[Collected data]
Content starts

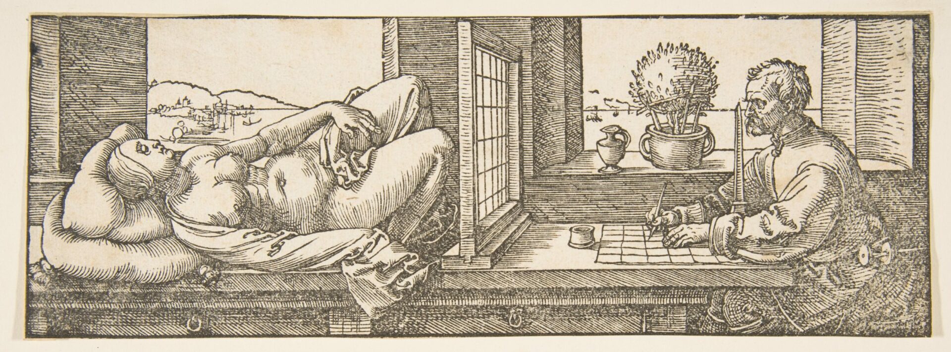 Draughtsman Making a Perspective Drawing of a Reclining Woman
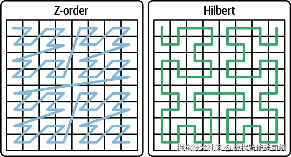 通过将 hoodie.layout.optimize.strategy 设为 ZORDER 或 HILBERT,即可指示聚类过程按这些高级算法排序,使多维空间中彼此接近的记录在磁盘上也物理相邻,进而高效支持范围/半径类查询。
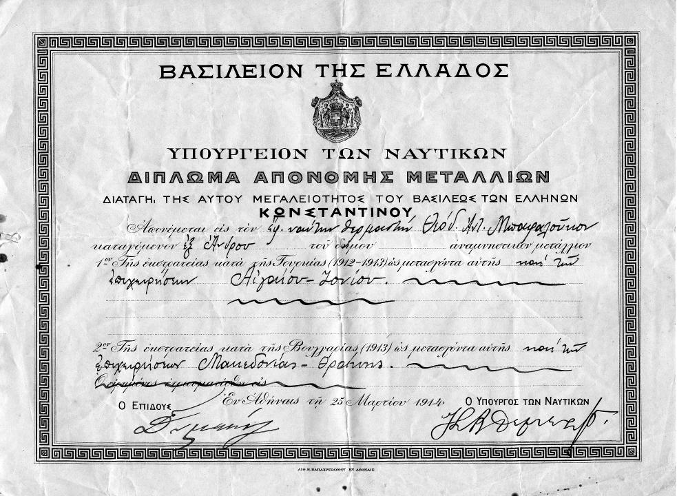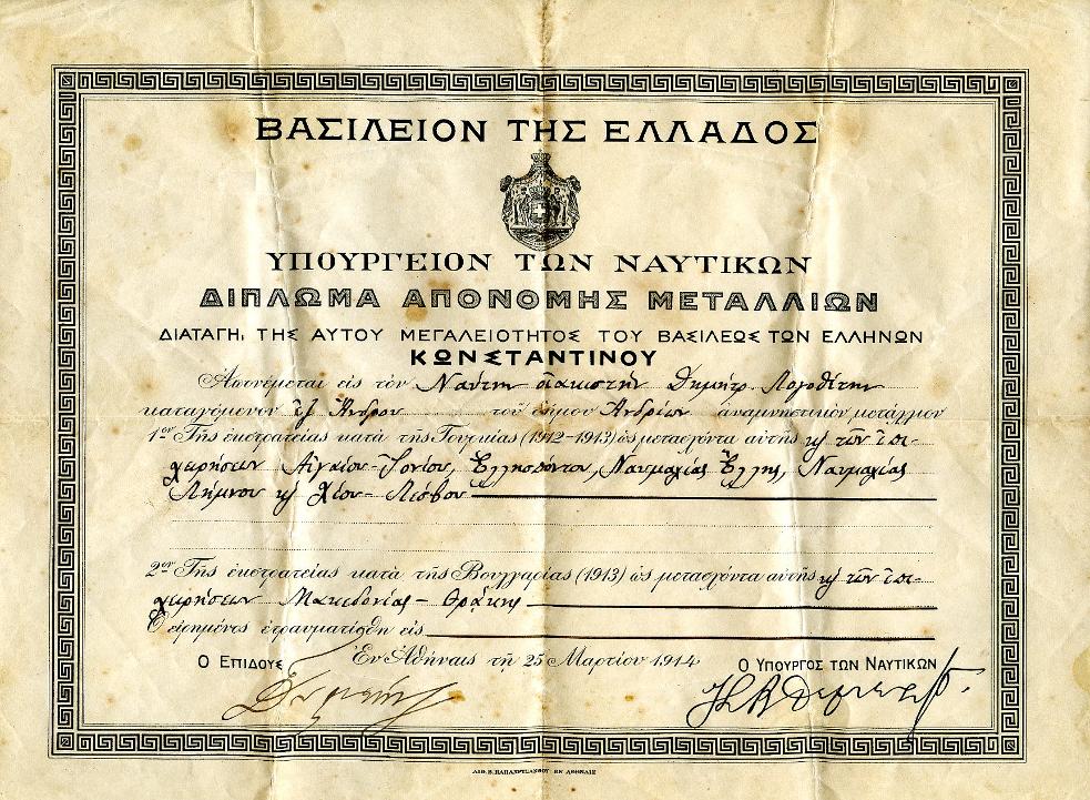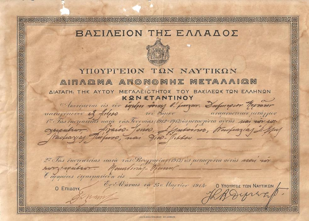 Διπλώματα απονομής μεταλλείων για συμμετοχή στους Βαλκανικούς πολέμους 1912-1913 στους
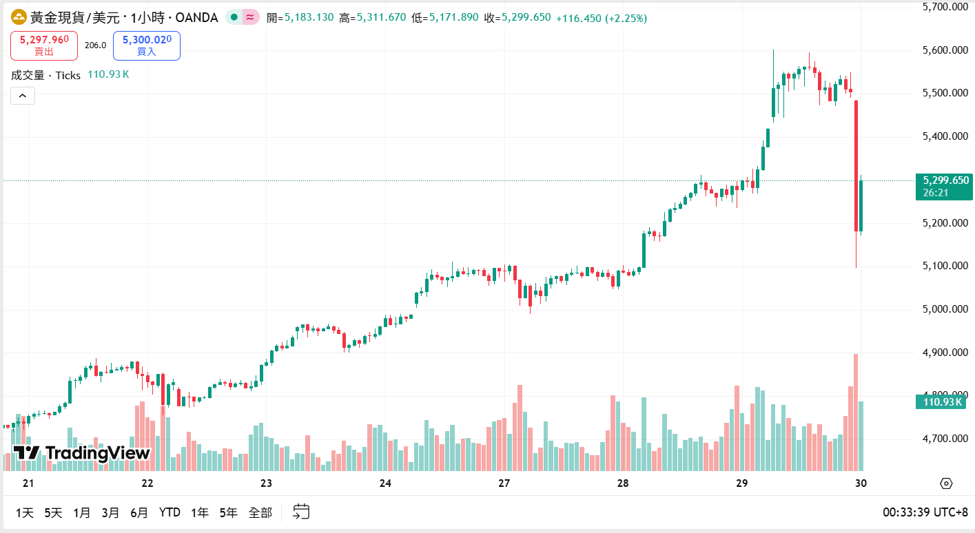 貴金屬市場的波動尤為劇烈。現貨黃金在短短 30 分鐘內連破三道整百關口,從日內高點暴跌超過 400 美元,抹去約 2.5 兆美元市值,相當於整個加密貨幣市場的總值。現貨白銀亦重挫 8%,從高點 121 美元/盎司回落至 108 美元/盎司附近。
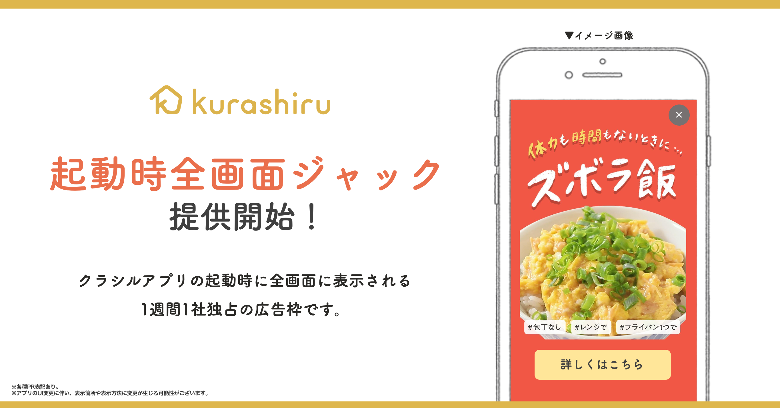 【アプリ利用者全員に確実にリーチ】「クラシル」アプリ起動時の全画面を、1社で独占できる広告メニュー「起動時全画面ジャック」を提供開始
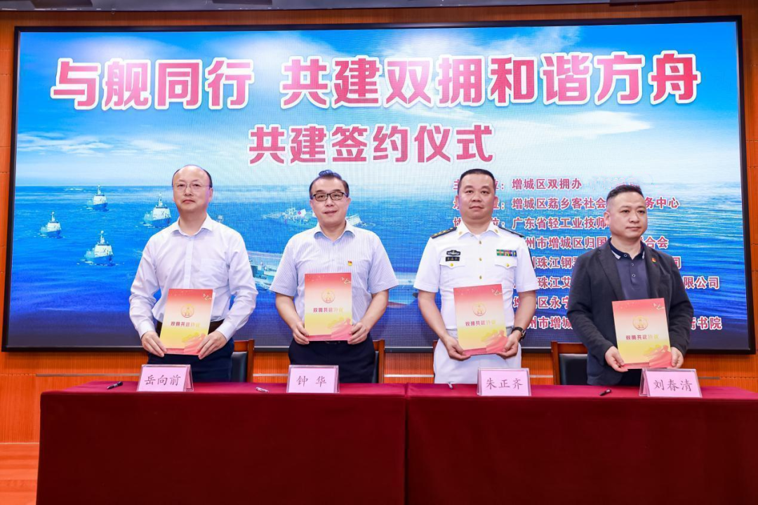 千里亲缘一线牵,万里波涛情不断。增城区双拥办、海军某部队、广东省轻工业技师学院与艾茉森公司现场签署了共建协议,进一步完善军地交流互动机制,创新共建载体、丰富共建内涵、拓展共建领域,不断巩固深化军民团结情谊,着力推动经济社会和国防建设共同发展。

Content ends

§ The problem:
Only the lines from the one that holds "Διπλώματα απονομής μεταλλείων" through the end of the records above should be printed again, exactly as they are. Leave out the pictures.

§ Result for this exercise:
 Διπλώματα απονομής μεταλλείων για συμμετοχή στους Βαλκανικούς πολέμους 1912-1913 στους
 貴金屬市場的波動尤為劇烈。現貨黃金在短短 30 分鐘內連破三道整百關口,從日內高點暴跌超過 400 美元,抹去約 2.5 兆美元市值,相當於整個加密貨幣市場的總值。現貨白銀亦重挫 8%,從高點 121 美元/盎司回落至 108 美元/盎司附近。
 【アプリ利用者全員に確実にリーチ】「クラシル」アプリ起動時の全画面を、1社で独占できる広告メニュー「起動時全画面ジャック」を提供開始
 千里亲缘一线牵,万里波涛情不断。增城区双拥办、海军某部队、广东省轻工业技师学院与艾茉森公司现场签署了共建协议,进一步完善军地交流互动机制,创新共建载体、丰富共建内涵、拓展共建领域,不断巩固深化军民团结情谊,着力推动经济社会和国防建设共同发展。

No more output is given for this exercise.